Hedychium coccineum 'Tara'.
Temperatures have dropped through the week to the point that a warm bed is a delight again rather than a difficulty. Enough rain has fallen to keep the ground moist. I planted some ferns out this afternoon, they should have enough warmth to establish before winter and enough moisture to mean I won't have to think about watering them all the time. The planting season is looming and I have a greenhouse full of Hedychium to get into the ground. The process of carrying them up from the greenhouse and then planting them into the heavily compacted soil is rather tedious and I have been putting it off. I decided that I could break it down into more manageable pieces and make more progress. If I move them all into the right place first then I can plant them at my leisure.
It's a good plan, but I still haven't started.
'Tara' went in two years ago, so the job has been hanging over me for a long time. The gorgeous orange flowers are an incentive to get the wheelbarrow out and start moving things!
Perhaps tomorrow.


1st September 2019

Scilla lingulata
Planting Hedychium isn't the only job I have been putting off. I have a handful of odd autumn flowering bulbs waiting to be repotted. I could have done it at any time through the summer but somehow the right moment didn't arrive. When I went down to the greenhouse in the week Scilla lingulata had beaten me to it. I had watered it a few days before and the porcelain-blue flowers had rushed straight up out of the compost. I have them in a large tub, it was a charming sight.
However, they had to be repotted. They have been in there for several years, if I don't do it now they will have to wait for another year and they will start going downhill. I tipped the pot out, and with the precision of falling toast the whole lot landed on its head. It doesn't matter. I have split them and potted them. The first flower spikes are a little crooked but I think there are more to come. The display will improve and if not, at least the plants will.


1st September 2019

Rhodophiala 'Harry Hay'.
Last week the Nerine house had its big moment. I went around with a hose and doused everything thoroughly. I like to keep the pots slightly moist through the summer anyway. Not enough to look like water, but enough to keep the compost clumpy and stop it powdering to dust. At the same time I repotted the Rhodophiala out of a vague feeling that I was keeping them too dry in the summer and should refresh and improve their mix. 'Harry Hay' had a handful of dormant bulbs in the pot, the only Rhodophiala I have grown that has increased appreciably.
I repotted the dry bulbs, watered them in and now I have three spikes of flower. I hadn't noticed them coming up, I never notice them coming up.
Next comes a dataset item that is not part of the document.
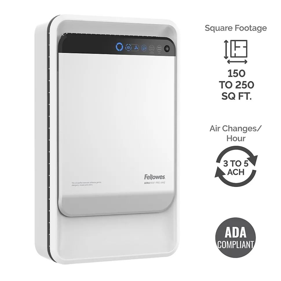 The super slim design of the Fellowes® AeraMax® Pro AM2 is 99.99% effective against coronavirus* and delivers 3-5 air changes per hour (ACH) in 150-250 square feet spaces; it’s ideal for smaller shared spaces. Proprietary and patented EnviroSmart™ technology makes AeraMax Pro the only air purifier to automatically responds to occupancy and air quality levels. The 4-stage True HEPA filtration system removes over 99% of all airborne contaminants. Fellowes® AeraMax® Pro air purifiers were demonstrated through independent laboratory testing to be effective in reducing aerosolized airborne concentration of Human Coronavirus 229E in a test chamber, reaching 99.99% airborne reduction within 1 hour of operation.

One day I look in the greenhouse and they are in full flower. It is almost perfectly delightful. Almost, but not quite. I would have liked to see the spikes emerge. It adds a sense of expectation that enriches the experience. Seeing them in full flower was an enormous relief as well as a joy. I worry about them. I know they aren't entirely happy with my husbandry. Perhaps that is the emotional problem, too much to handle in one go when I see them suddenly in flower.



1st September 2019

Nerine 'Catherine'.
The week hasn't been distinctly colder than last week, or distinctly wetter. There has been a heavy dew on the grass in the mornings and there isn't much bird song to be heard. Just the fat Wood Pigeons chur-churring, chur-chur-churring the morning away. Nothing seems to have changed very much, yet the garden is a different place. Autumn has arrived, sitting quietly in the wings, waiting for its grand entrance. I have a Liquidambar in the meadow, the fringes of the canopy traced in darkening brown ready for the bonfire of colour to come.
In the greenhouse, the first Nerine has opened. The sinuous spikes have been pushing up for a couple of weeks now, elegant and muscular. There is something anguilliform about them, writhing slowly upwards. 'Catharine' is always the first of the N. sarniensis forms to open for me. Or at least it might be. I have two very similar plants that are both labelled 'Catharine'. This one is early, the second flowers a couple of weeks later. They can't both be right, perhaps neither of them is.
It is nice to have a puzzle to start the Nerine season, with the misleading simplicity of the first chapter of a detective novel. Things are going to get a lot more complicated before the end.